I'm just glad I live in AZ.
We cannot tax our way to prosperity.
Laws pertaining to distracted driving will be hard to enforce. But some aspects of these laws that I have read about I agree with.
I've been in a serious accident caused by a kid texting on his phone and that experience has changed my way of thinking, forever. When I'm on the road, I am keenly aware of what others are doing, not that I wasn't before, but I am much more cautious, a very distrustful of others I share the road with.
I couldn't care less if it's a phone, a CB, a GPS, Stereo, or an Amateur Rig. What I want, and expect is for people to use these devices responsibly. When I'm in heavy traffic and I see someone in front of me weaving from one lane to another, they are on the phone most of the time, and I lay on the horn, and they usually "wake up" really fast. Also, unless you have an urgent need, don't use an electronic device. In Amateur Radio, It is important that Amateurs are allowed to use their radios in an emergency, for sky warn, for disasters. I live in the Fargo area, we have had problems with flooding, and our local hams have been there just in case.
I do not, however, support casual use "rag chew" while you are operating a motor vehicle.

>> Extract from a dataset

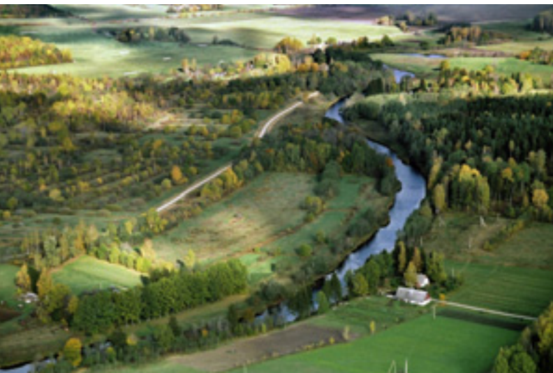
Pärnu jõgi Kullimaa külas

ja Kullimaa külas asuvad mitmed matmiskohad ning ohvrikivi "Kurikivi". Kullimaa külas ühineb Pärnu jõega Väandra jõgi.

Some people have this attitude that they are somehow immune from getting in an accident. After all, they are good drivers and only the careless get in an accident. This kind of thinking is often present with some who have a grandiose sense of entitlement, and just cannot grasp the fact that they need to share the highways, and roads with others. The U.S. Dot is looking at a trend, a trend that involves a growing number of preventable deaths and injuries caused by careless use of electronic devices. Yes, we all know that cell phone use is on top of the list, but it is not the only cause. Someone might say.."show me one instance where a an amateur op caused an accident while using his rig while driving". I would say, irrelevant, and you are missing the point!
So instead of making excuses, I feel it is everyones responsibility to use their mobile devices in a safe manner, law or no law. Contact your local governments and tell them we want our roads safe. There ARE legitimate times of use for a phone, or an Amateur Radio.